--Teva's sales and earnings fall on increased competition
--Company points to new product launches
--CEO Jeremy Levin says investors haven't yet become comfortable
with new strategy
(Updates throughout with details and company comment.)
By Joseph Walker
Teva Pharmaceutical Industries Ltd.'s (TEVA) first-quarter
earnings fell 27% as the drug maker saw a sharp drop in
generic-medicine sales and increased competition for its alertness
drug Provigil.
Israeli-based Teva, led by Chief Executive Jeremy Levin, is in
the midst of a transition as it looks to cut costs, divest noncore
assets and focus on small- to mid-size acquisitions. Investors have
so far been skeptical, and Teva shares have fallen 22% since Mr.
Levin took over the company last May.
The company's biggest-selling drug, Copaxone for multiple
sclerosis, is expected to face increased pressure from a recently
launched competitor from Biogen Idec Inc. (BIIB).
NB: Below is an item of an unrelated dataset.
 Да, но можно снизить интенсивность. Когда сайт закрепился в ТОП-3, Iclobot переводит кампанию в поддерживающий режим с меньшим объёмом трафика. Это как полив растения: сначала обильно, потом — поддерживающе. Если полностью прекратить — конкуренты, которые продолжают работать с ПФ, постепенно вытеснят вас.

Copaxone sales
soared 17% to $1.06 billion in the first quarter, driven largely by
price and unit volume increases in the U.S.
Teva said it had sought U.S. regulatory approval for a
less-frequent dosing schedule of Copaxone, which could make it more
competitive with Biogen's drug. The company expects the U.S. Food
and Drug Administration to make a decision in the first quarter of
2014.
Other areas of the company's business, however, suffered. Sales
of Provigil, a branded drug that improves concentration and is used
to treat sleeplessness, plunged 92% to $24 million after losing
U.S. patent protection last year. Sales of Teva's generic drugs
fell 12% to $2.31 billion as the result of increased
competition.
Overall revenue fell 3.9% to $4.9 billion, slightly above
analysts' average expectation of $4.85 billion.
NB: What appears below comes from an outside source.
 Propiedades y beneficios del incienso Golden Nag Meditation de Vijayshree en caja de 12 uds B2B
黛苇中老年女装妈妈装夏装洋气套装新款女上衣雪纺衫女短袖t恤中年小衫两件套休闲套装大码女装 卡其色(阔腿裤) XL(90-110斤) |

Teva's American depository shares were recently down 36 cents at
$37.53.
Teva has grown through a series of acquisitions to become the
world's largest maker of generic drugs and has diversified into
nongeneric businesses, such as over-the-counter medicines and
patent-protected, branded drugs.
Mr. Levin also unveiled plans in December to reshape the drug
maker, reduce annual costs by up to $2 billion over the next five
years and sharpen the focus of Teva's research-and-development
pipeline. The company expects to realize benefits from the
cost-cutting, including the closing of a California facility,
between 2014 and 2017.
Teva also pointed to new drug launches, including a generic--or
biosimilar--version of Amgen Inc.'s (AMGN) anti-infection drug
Neupogen later this year. On Wednesday, the company won a ruling
from the FDA that will allow women 15 years of age and older to
purchase its Plan B contraceptive pill without a prescription.
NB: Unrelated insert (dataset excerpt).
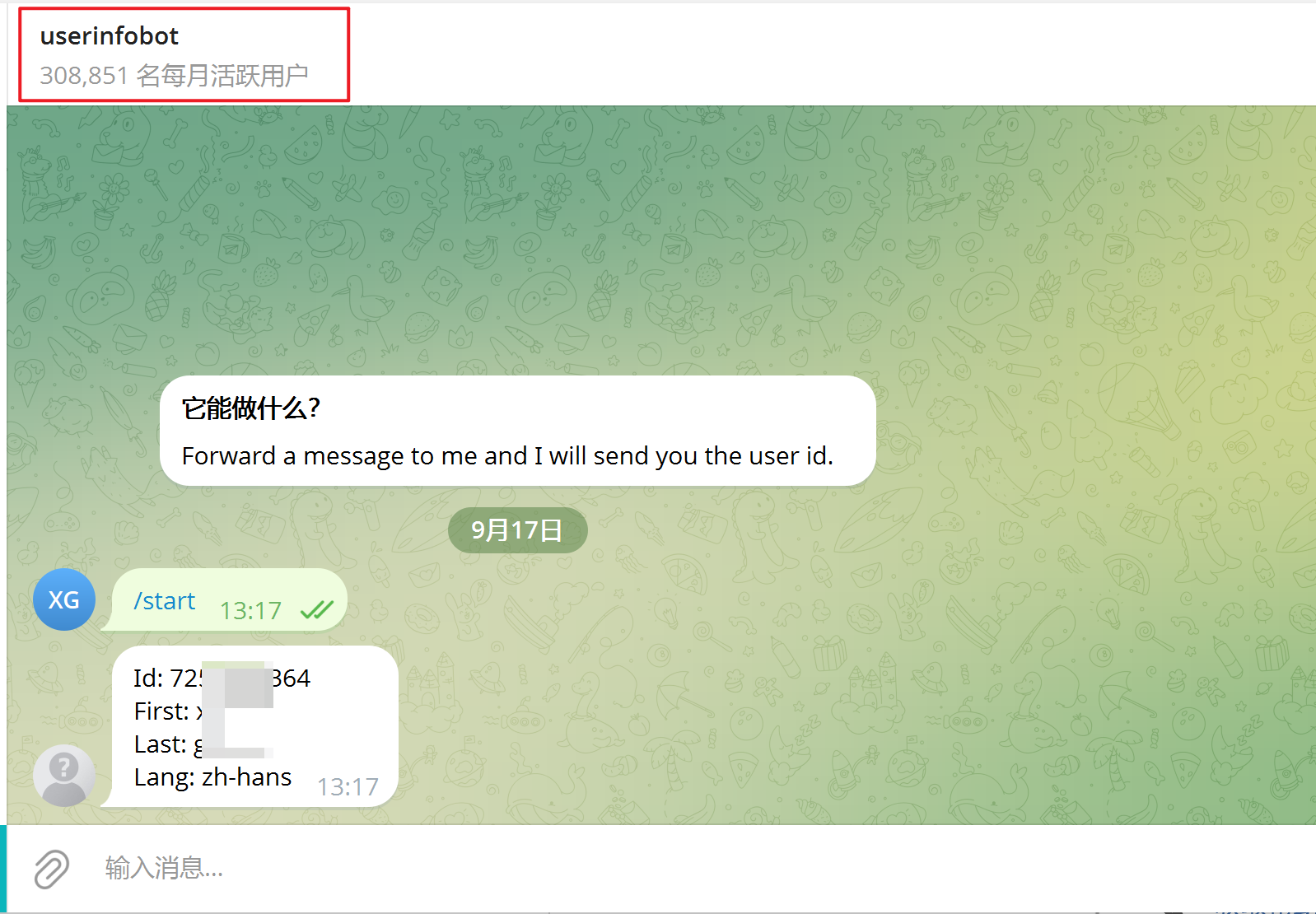 向该机器人发送任何消息,它会回复你包含你的用户 ID 的信息。

During a conference call with analysts, Mr. Levin said some
investors were still uncomfortable with the organizational and
strategic changes he has made, which has had a negative impact on
the company's stock price.
"This is a sophisticated company that's undergoing significant
change," Mr. Levin said. "It is very difficult for people to look
back and understand as you walk away from essentially a top-line
driven strategy driven by acquisitions."
For the first quarter, Teva reported a profit of $630 million,
or 74 cents a share, down from $859 million, or 97 cents a share, a
year earlier. Excluding restructuring, acquisition and other items,
adjusted per-share earnings fell to $1.12 a share from $1.47.
Analysts polled by Thomson Reuters had forecast earnings of $1.10 a
share.
--Melodie Warner contributed to this article.